Материал и то, что сделано из материала, могут заменять друг друга. Скажем: «Сверкая златом, идет царица в свой покой». Или: «В парчу и жемчуг убрана...». Конечно, здесь имеется в виду не злато, а золотые одежды. Значит, материал — золото, парча — берется вместо того, что из этого материала сделано. Это опять-таки случай обычный — общее вместо частного.

Такого типа метонимия часто встречается и в прозе, не возбуждая нашего внимания, потому что подобные сдвиги по логическим категориям общего и частного легко происходят в нашем обычном словоупотреблении. Явление это становится заметным лишь в отдельных случаях, когда имеется отклонение от принятого в прозаическом языке употребления.

Оставь же мне мои железы,

Уединенные мечты,

Воспоминанья, грусть и слезы:

Их разделить не можешь ты.

(Пушкин. «Кавказский пленник» — IV, 95)

«Железы» означают оковы. Это необычная с точки зрения прозаического языка метонимия, представляющая перевод с французского. По-французски говорят «les fers» —- «железы», в значении оковы. В языке школы Карамзина, вплоть до Пушкина, встречается подобное словоупотребление.

Или:

Обув железом острым ноги...

( Пушкин)

 

Здесь «острое железо» означает коньки.

...как ратник молодой,

Свинца веселый свист заслышавший впервой...

Или «гибельный свинец». Здесь «свинец» — значит «пуля». Но опять-таки в основе лежит французское словоупотребление.

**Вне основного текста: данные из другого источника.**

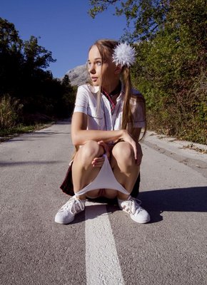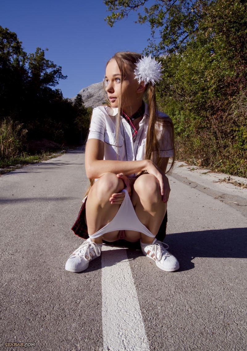Описание: Высоко задрав перед камерой свою короткую юбку и медленно стянув свои белые трусы, молодая шлюшка с выставленной на показ голой промежностью вовсю дрочит бритую пизду прямо на дороге. Энергично меняя позы, худая девица все больше оголяет перед нами свои интимные места и продолжает трахать пальцами мокрую горячую дырку.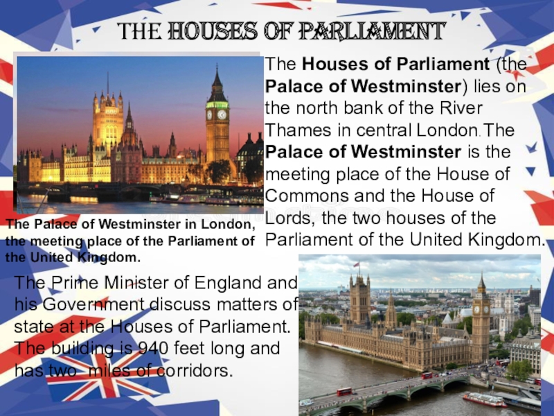 The Houses of Parliament (the Palace of Westminster) lies on the north bank of the River Thames in central London. The Palace of Westminster is the meeting place of the House of Commons and the House of Lords, the two houses of the Parliament of the United Kingdom.

По-французски «lе plomb» — «свинец» употребляется в значении «пуля».

Иногда материал,- употребляемый вместо изделия, может быть метафорического порядка, т. е. это не подлинный материал, из которого что-то сделано, а метафорическое обозначение этого материала. Я приведу пример из описания торжественного обеда у Державина:

То в масле, то в сотах зрю злато под ветвями,

То пурпур в ягодах, то бархат-пух грибов,

Сребро трепещуще лещами.

Английский поэт Поуп в своем описании светской жизни, которое дается в изящных поэтических перифразах, употребляет слова «слон», «черепаха» в смысле гребней из слоновой кости и черепаховых гребней.

Отношение причины и следствия также относят к категории метонимии, в частности употребление орудия вместо действующего лица, которое пользуется этим орудием. Скажем:

Нет, никогда свинец карандаша

Рафаэля иль кисти Перуджино

Не начертали, пламенем дыша,

Подобный профиль...

Карандаш, или свинец карандаша, или кисть не чертят сами: чертит художник, работающий карандашом или кистью. Значит, здесь употребление орудия вместо того, кто орудием пользуется.

О ком твоя вздыхает лира?

«Лира» здесь заменяет поэта, который играет на лире. «Вздыхает лира» — не метафора. Мы говорим, что лира вздыхает не потому, что здесь имеется какое-то сходство звуков лиры с человеческими вздохами. Основное заключается в том, что поэт играет на лире, что лира становится эмблемой поэзии, и потому лира берется как эмблематическое орудие вместо самого поэта.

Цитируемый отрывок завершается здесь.